The first violin part, here realized by Ralph Evans, enjoys a strong concertante presence, the texture’s often approximating a concertino status.  When the cello joins the violin in the first movement: Fantasia duet, we can almost hear Kreisler and Casals in the Brahms Double Concerto. The Scherzo chimes in spiccato figures a step away from Tambourin Chinois. The phrase endings virtually melt into Viennese schlag, the viola (Nicolo Eugelmi) plying his own version of an Eastern chant over a drone bass. The unassuming Romanze: Allegretto conveys an easy sentimentality, rather a Hollywood sweetness appropriate for a Nelson Eddy/Jeanette MacDonald lyric. The last movement, Retrospection (Rueckblick) canters rather gaily in rustic syncopations, reminiscent of Brahms when cavorting in a gypsy mode. The Fine Arts players indulge in rubato and generous old-world slides Kreisler likely assumed would be a matter of course.
Efrem Zimbalist (1890-1985) could claim to be among the foremost and most intellectual of the Russian school of virtuoso who tutored with Leopold Auer. A fairly prolific composer, Zimbalist wrote the String Quartet in 1931, revising it in 1959, the edition favored by the Fine Arts Quartet for this World Premier recording (27-30 April 2010 in Wittem Monastery, The Netherlands). A distinct Russian melancholy begins the first movement Moderato, with strong writing for the first violin and responsive cello and viola. If this music has any direct precursor, he lies somewhere between Borodin and Tchaikovsky. Rather luxurious in scope, the writing may exceed what the melodic materials will support, but the suggestions of oriental languor, exotic effects, and modal harmonies move us in worlds redolent of veils and hookahs. The structural closure at the recapitulation comes clearly demarcated, so classical is Zimbalist’s sense of sonata form.
The second movement, Con brio, offers us an immediately engaging scherzo in diverse, metrically intricate colors, the sonority asking rather rasping attacks from the players. The counter theme purrs, meek and mild. A big breath just before the da capo, rife with strummed effects and syncopations, colored perhaps by the quartets of Ravel and Debussy. The Andante con moto provides the moody slow movement, allowing the second violin (Efim Boico) some spotlight. Borodin and Zimbalist’s admired Glazunov make their melodic influence felt. The latter portion of the movement elicits a lullaby quality, tinged by some counterpoint.

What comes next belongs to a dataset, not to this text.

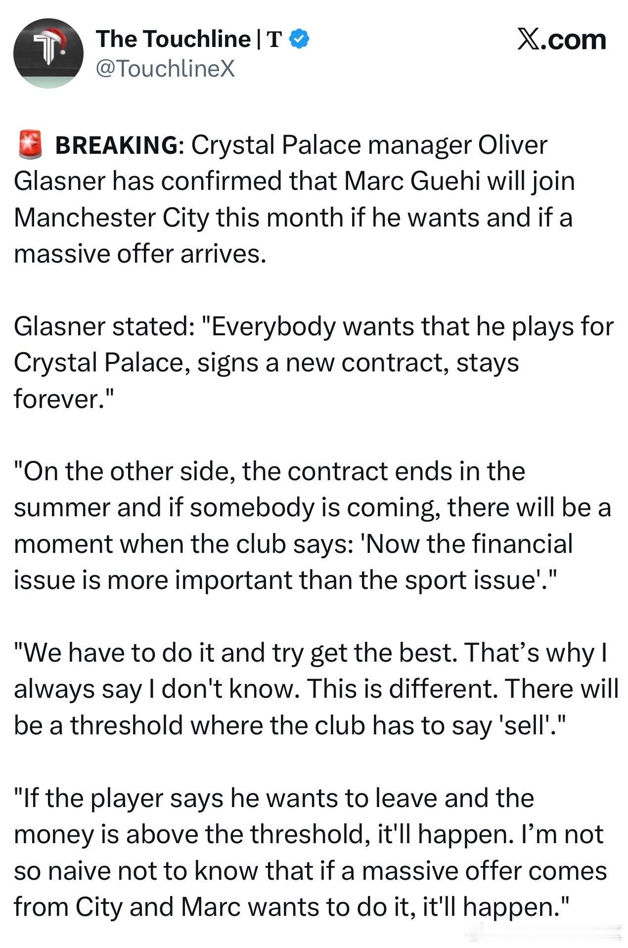 只有我军球迷难过的夜晚是要达成了,塞梅约去曼城黑喂狗。水晶宫主教练在接受采访时表示如果曼城给出高额报价而格伊本人又想走那这笔转会就会发生

The interweaving violins over a rustling bass more than invoke the Borodin Nocturne as its example. The last movement, Allegro di molto, scurries in a Mendelssohn or Dvorak manner, a kind of whirling perpetuum mobile. Yet the tempo slows down for a poignant series of chorale harmonies just before the final thrust of the conclusion.
The other world premier recording comes in the form of the 1924 Harmonies du soir of Eugene Ysaye (1858-1931), arguably Belgium’s most illustrious violinist-composer.  Although Ysaye never studied formal composition, he knew the Romantic tradition via Vieuxtemps and Wieniawski. The 1925 Harmonies du soir, with its veneration of Liszt, offers a chromatic series of textures for string quartet and orchestra, not quite a concerto grosso, not quite Schoenberg’s Verklaerte Nacht, but redolent of both. The extensive series of passionate gestures without tonic resolution clearly takes its cue from Tristan, but the chamber music form and the first violin’s various forays align the work with Chausson’s equally febrile Concert for Violin, Piano and String Quartet. A glorious C Major sunrise emerges from the nocturnal labyrinth, dreamy and mysterious, perhaps the lonely beach after Joan Crawford has disappeared into the waves, leaving a forlorn John Garfield.
The accompanying booklet features a priceless photograph of Kreisler and Zimbalist after they had performed Mozart’s Sinfonia Concertante under Damrosch in 1915.